**REQUIRED ACTION**
Your response to the data below should hold nothing except the lines from the one containing "فَصْل وَلَا يَجُوزُ" down to the one containing "近日,经济与管理系收到了来自", reproduced exactly and without pictures.

**Data items**
* * *
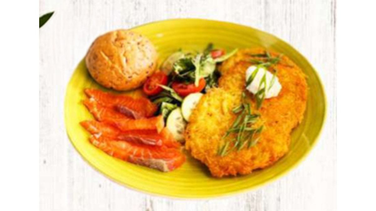 Картофельные драники, малосольная семга, булочка, овощной салат, сыр
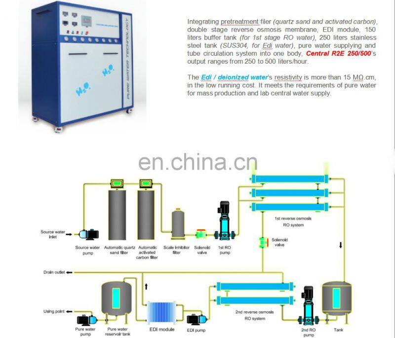 Home > Products > Water Purification > Central R2E 250/500 Series ro Water Filter System Deionized Water Treatment Plant for Lab
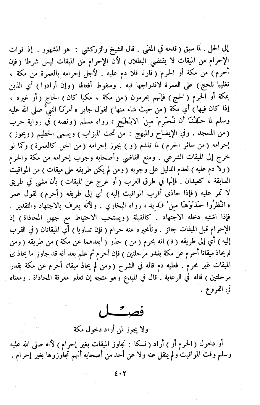 فَصْل وَلَا يَجُوزُ لِمَنْ أَرَادَ دُخُولَ مَكَّةَ أَوْ دُخُولَ (الْحَرَمِ أَوْ) أَرَادَ (نُسُكًا: تَجَاوُزُ الْمِيقَاتِ بِغَيْرِ إحْرَامٍ) لِأَنَّهُ - صَلَّى اللَّهُ عَلَيْهِ وَسَلَّمَ - وَقَّتَ الْمَوَاقِيتَ وَلَمْ يُنْقَلْ عَنْهُ وَلَا عَنْ أَحَدٍ مِنْ أَصْحَابِهِ أَنَّهُمْ تَجَاوَزُوهَا بِغَيْرِ إحْرَامٍ
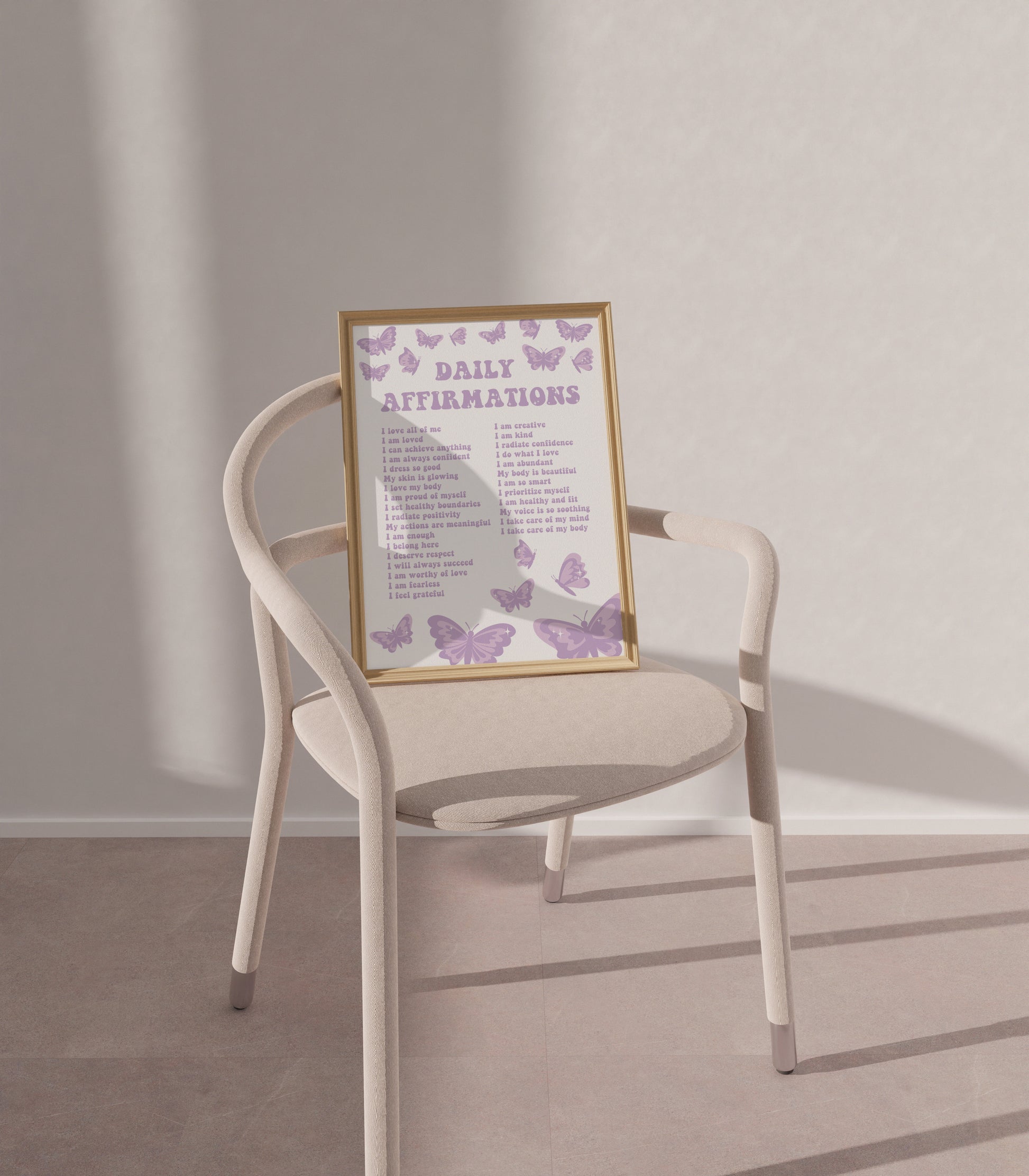 This Purple Daily Affirmations Wall Art is the perfect wall art decor for people who want to improve the quality of their life and become the best version of themselves. If you also love butterflies, that's a bonus!
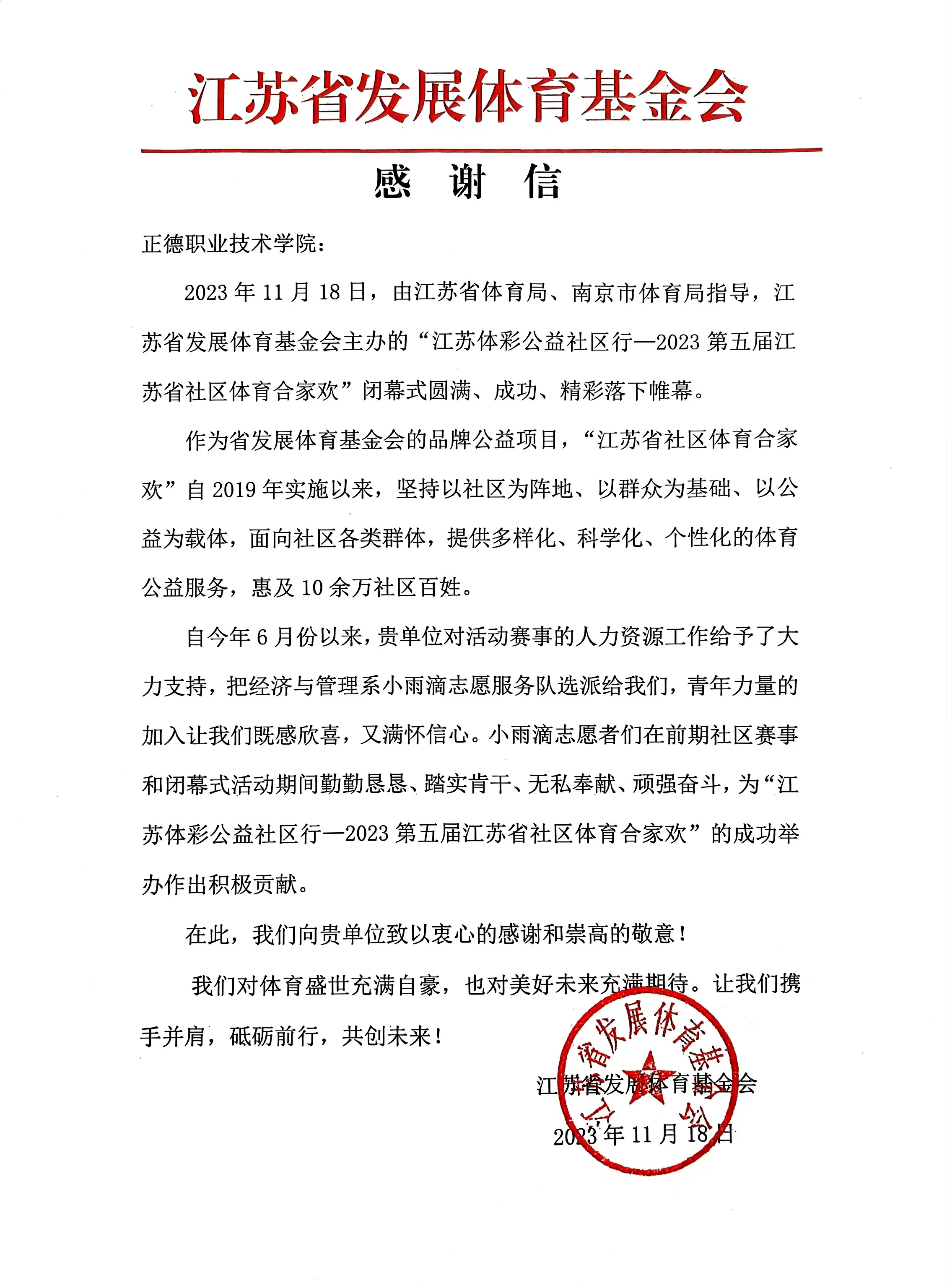 近日,经济与管理系收到了来自江苏省发展体育基金会发来的感谢信。在感谢信中,自6月份起参与“江苏体彩公益社区行—2023第五届江苏省社区体育合家欢”分会场活动及闭幕式活动的志愿者们受到了高度赞赏。
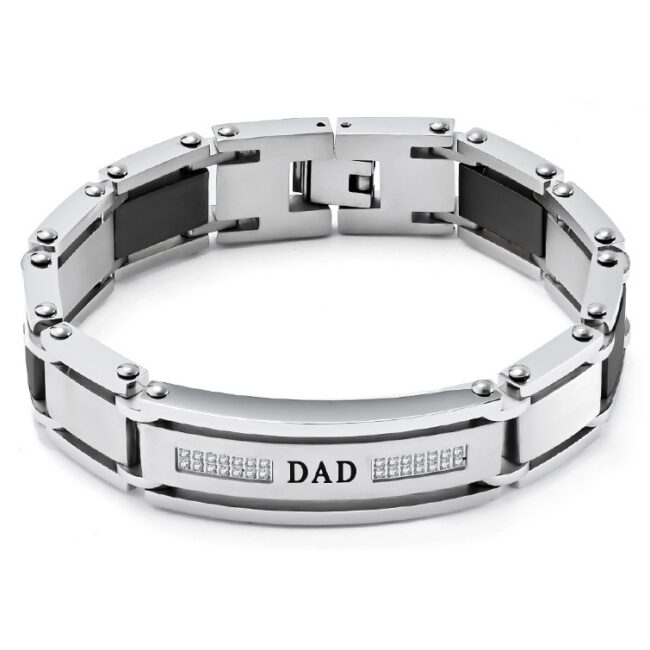 Men’s Polished 316L Stainless Steel Two Tone Bracelet with DAD ID tag and White CZ 5A inlaid
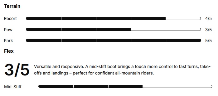 - Exo Spine - An external backstay that supports the whole boot and transfers energy instantly from heel to toe. It connects seamlessly to the outsole via our Transition Zone, so you won't hook up on the binding's heelcup when you enter or exit your binding.
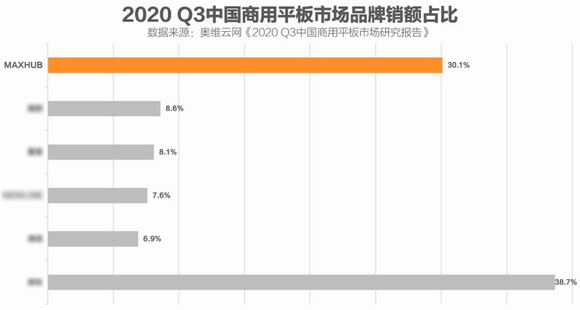 近日,2020 Q3中國商用平板市場研究報告正式發布,報告指出,由于2020年三季度國內整體經濟復蘇加速,國內商用平板市場依舊保持較高的增長態勢,三季度銷售量約11.1萬臺,銷售額約17.6億元。其中,MAXHUB 以25%的銷量占比、30.1%的銷售額占比穩居第一。銷量、銷額市場份額均超出第二、三名品牌總和。截止目前,MAXHUB已在2017、2018、2019年連續三年斬獲國內會議平板市場占有率桂冠【1】。
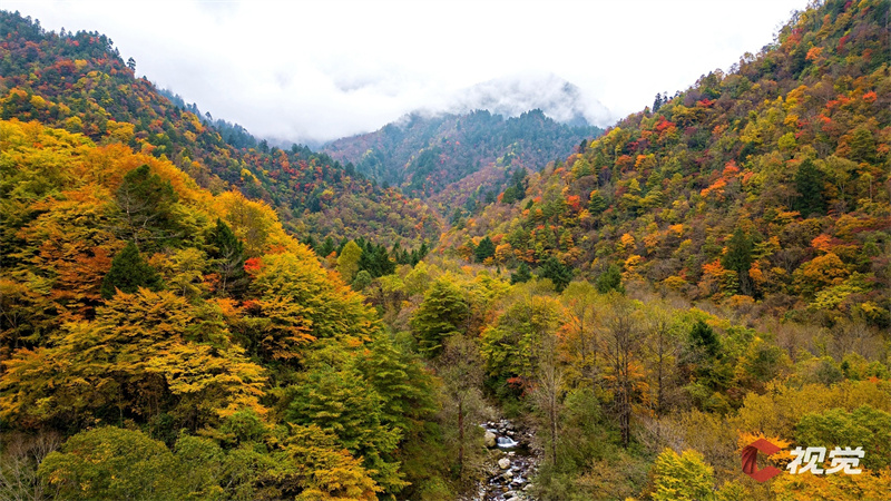 11月1日,广元市青川县唐家河进入彩林观赏期,漫山彩林如同大地的“调色盘”,美不胜收。C视觉签约摄影师 熊能 摄
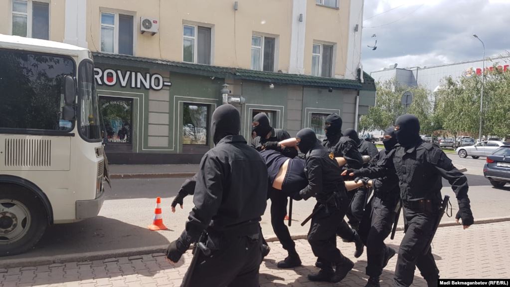 Сотрудники спецподразделения МВД несут предполагаемого участника митинга к автозаку. По подсчетам наблюдателей, за последние два года при разгоне мирных протестных акций в Казахстане было задержано свыше шести тысяч человек, в том числе правозащитники и активисты.
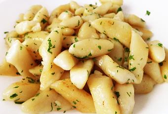 -4 cucharadas de mantequilla-el jugo de un limón-perejil fresco picado1-Cocer los gnocchis en agua hirviendo. Cuando empiecen a flotar ir sacándolos con una espumadera.2-Derretir la mantequilla en una sartén y dorar los gnocchis, debes dejar que se cocinen y se doren bien, pero con cuidado de no poner el fuego demasiado alto, para que no se queme la mantequilla. Añadir el jugo del limón y sal, remover bien, que absorban el sabor.3-Por último echar el perjil picado y retirar del fuego para que no se queme. Servir y a comer.
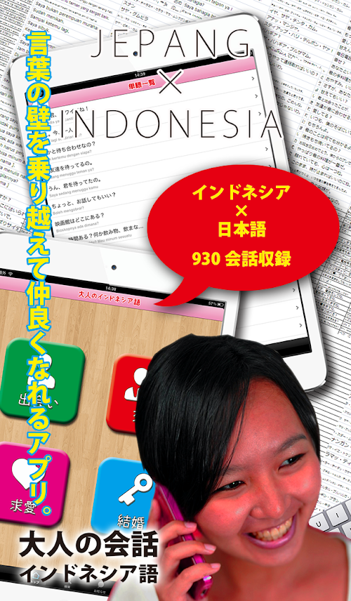 インドネシア人とステキな恋をしたいなら、このアプリ。出会いからデート、恋愛から結婚、そして別れまで、日常で使える会話を盛り込んでいます。
* * *
**RESULT FOR THIS TASK**
 فَصْل وَلَا يَجُوزُ لِمَنْ أَرَادَ دُخُولَ مَكَّةَ أَوْ دُخُولَ (الْحَرَمِ أَوْ) أَرَادَ (نُسُكًا: تَجَاوُزُ الْمِيقَاتِ بِغَيْرِ إحْرَامٍ) لِأَنَّهُ - صَلَّى اللَّهُ عَلَيْهِ وَسَلَّمَ - وَقَّتَ الْمَوَاقِيتَ وَلَمْ يُنْقَلْ عَنْهُ وَلَا عَنْ أَحَدٍ مِنْ أَصْحَابِهِ أَنَّهُمْ تَجَاوَزُوهَا بِغَيْرِ إحْرَامٍ
 This Purple Daily Affirmations Wall Art is the perfect wall art decor for people who want to improve the quality of their life and become the best version of themselves. If you also love butterflies, that's a bonus!
 近日,经济与管理系收到了来自江苏省发展体育基金会发来的感谢信。在感谢信中,自6月份起参与“江苏体彩公益社区行—2023第五届江苏省社区体育合家欢”分会场活动及闭幕式活动的志愿者们受到了高度赞赏。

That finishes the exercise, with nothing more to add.